Госпел предлагает мне встретиться у гончарной мастерской. Считается, что это занятие успокаивает учеников; они кладут комок глины на вращающийся круг и смотрят на него, чуть ли не впадая в транс, в надежде, что в сознании что-то изменится. Не всем это помогает. Например, Джош Дабровски так разъярился, что швырнул в окно свою вазу, больше похожую на пепельницу.
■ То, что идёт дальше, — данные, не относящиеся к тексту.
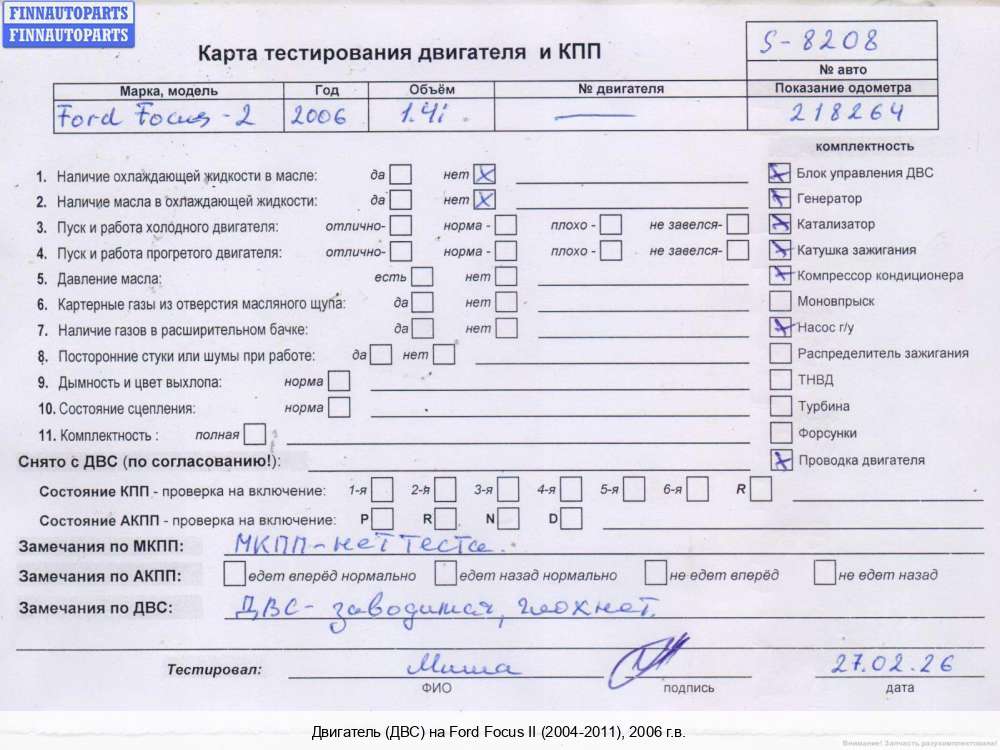 2008; Бензин; 1.6; SHDA, SHDC, Инжектор; Хетчбэк (5 дв.); ; синий; 2008, 1.6л, Бензин, Инжектор, SHDA, SHDC, SHDA8R82071, 1472848, 7M5G6006XA, Хэтчбэк 5 дв., синий, Фото не актуально, с запчасти отделены: Генератор, Компрессор кондиционера, Насос гидроусилителя руля (ГУР), Коллектор впускной, Заслонка дроссельная, Катушка зажигания, SHDA8R82071 | - | С, прокручивается , состояние ГРМ - нормально, поддон - нормально , клапанная крышка - нормально , эмульсия - нет , маховик 1м + диск + корзина,

Здесь никогда никого не бывает. Ходят в другие места, бывает, что в самые неожиданные, но это место – одно из наших. Окнами оно выходит на соседнее поле, где пасутся коровы, не принадлежащие школе. Госпел, смотря по настроению, иногда стреляет в них петардами, а я не мешаю ему, потому что, когда он такой, разговаривать с ним без толку. Здесь же он покуривает марихуану – и бурый окружает другие его цвета, успокаивает, останавливает тик.
Он идет через спортивные площадки и несет с собой коробку. Энергия у него хорошая, и мы моментально подружились. Госпел, наполовину ирландец, наполовину зимбабвиец, родился в Талле. Из Зимбабве приехал его отец, системный аналитик. Мама работает медсестрой в местной больнице. Свою семью он любит, в «Новый взгляд» родители его отправили, чтобы помочь, он и поступил сюда для этого, а вот со мной все наоборот. Меня отфутболили. Мне даже кажется, что избавились. Я вижу его родителей на выходных, когда они к нему приезжают; как-то мы даже вместе ходили в местный мясной ресторан. Я больше люблю слушать, как Госпел рассказывает о своей семье, чем говорить о своей, но в любом случае он знает, что я, в отличие от него, оказалась здесь не по собственной воле. И что теперь мне не хочется возвращаться отсюда домой.